Enough threads already ??? Just a thought


----------



## PETERFC (Apr 3, 2009)

*Reply*



yorkshire lass said:


> have a go, a good result might get a new club built


Hi Yorkshire Lass

Well you got there in the end, good luck will the results and i hope that they are of help.

Peterfc 666?


----------



## yorkshire lass (Apr 18, 2010)

to everyone viewing this page, 

I can see people are viewing this thread, but not voting. Please vote, it is only one bottom to press, no matter which one you choose. the poll won't be viable without participation. It closes on 7th May. ( I would put a smilie on but seem to have lost my list)


----------



## christopherdouglas (Nov 13, 2008)

Ello Lass,
I'm all up for pressing a 'bottom' but,
as I'm still in the UK think it's a bit unfair to press the button & vote on the subject.
Good luck though.
Chris


----------



## loonytoon (Feb 11, 2009)

yorkshire lass said:


> have a go, a good result might get a new club built


having no interest in Caldas but being nosey, who will be paying for and building this facility?

jeff


----------



## siobhanwf (Mar 20, 2009)

loonytoon said:


> having no interest in Caldas but being nosey, who will be paying for and building this facility?
> 
> jeff



my thoughts exactly.


----------



## yorkshire lass (Apr 18, 2010)

I was asked not to promote the third party on this, sure he has his reasons.
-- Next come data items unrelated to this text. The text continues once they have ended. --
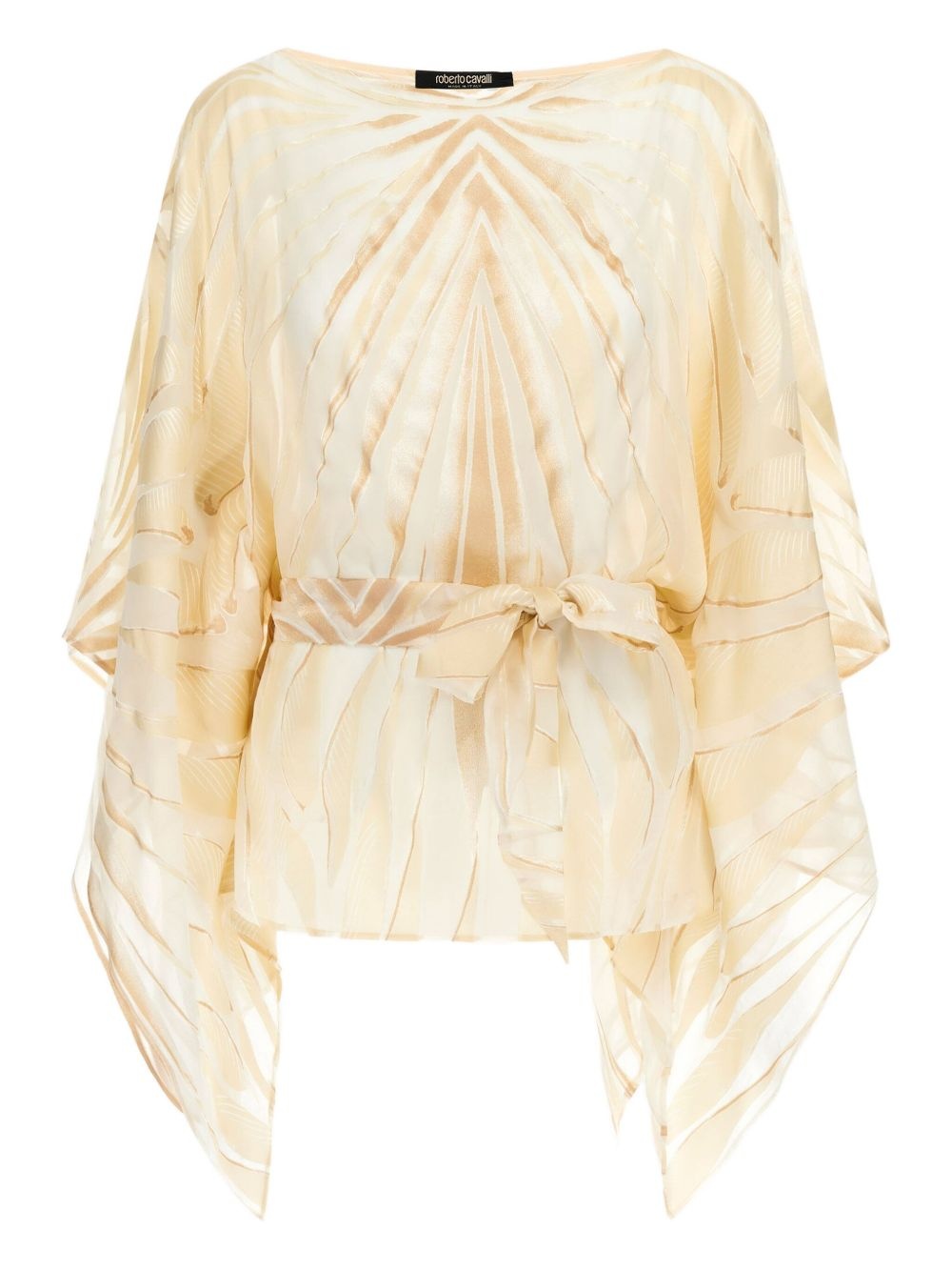 satin blouse Highlights - Ivory white - Abstract pattern print - Boat neck - Long sleeves Made in Italy Composition Viscose 75%, Silk 25%
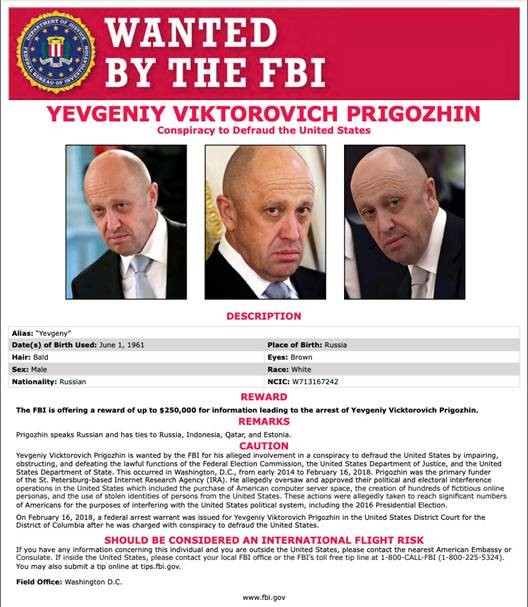Evgueni Prigojine alias le « cuisinier de Poutine » est un ancien petit truand parvenu à se hisser dans les hautes sphères du Kremlin en faisant fortune dans la restauration. C’est lui qui financerait la société Wagner. Il est recherché aux États-Unis (c/f ci-dessous).
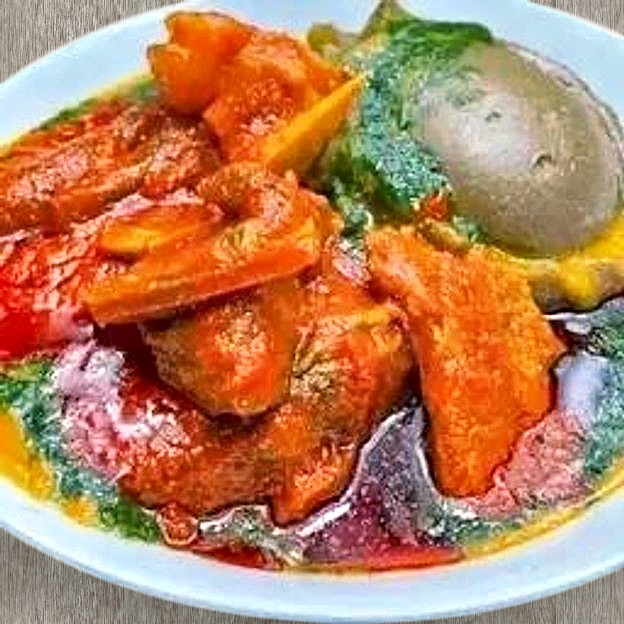 A popular Nigerian vegetable soup from the West. It is cooked with spinach, vegatables, red bell pepper, tomatoes, well cooked in palm oil and seasoned. Swallow is included. Select your choice of protein.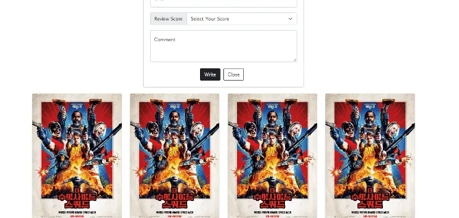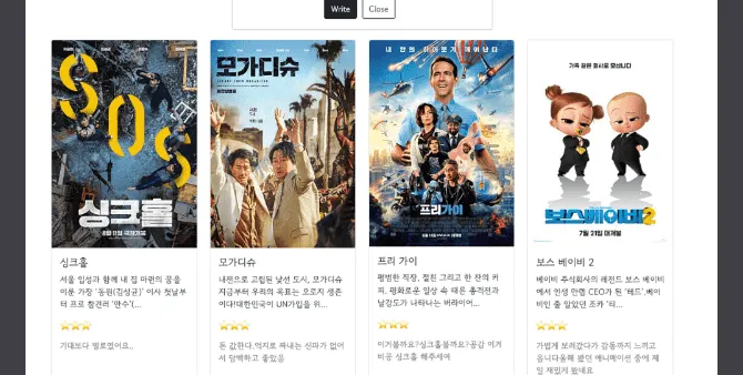하단에 나열되는 "영화포스터+제목+설명+별점+한줄평" 부분이 하드코딩이 아닌

It might be hindering the end result of the poll, but it is only to find out if the interest is there. Anyone could build a sports club, but what use is it, if no one wants it? if the interest is not there, it won't go ahead, replies are filtering through, its not just on here. it will close everywhere on 7th of may. then I have to get my fingers typing and do the report on it.


----------



## siobhanwf (Mar 20, 2009)

That is good news. I must admit that I did wonder where the finance was coming from


----------



## yorkshire lass (Apr 18, 2010)

well its not me, don't have that much money don't suppose I ever will


----------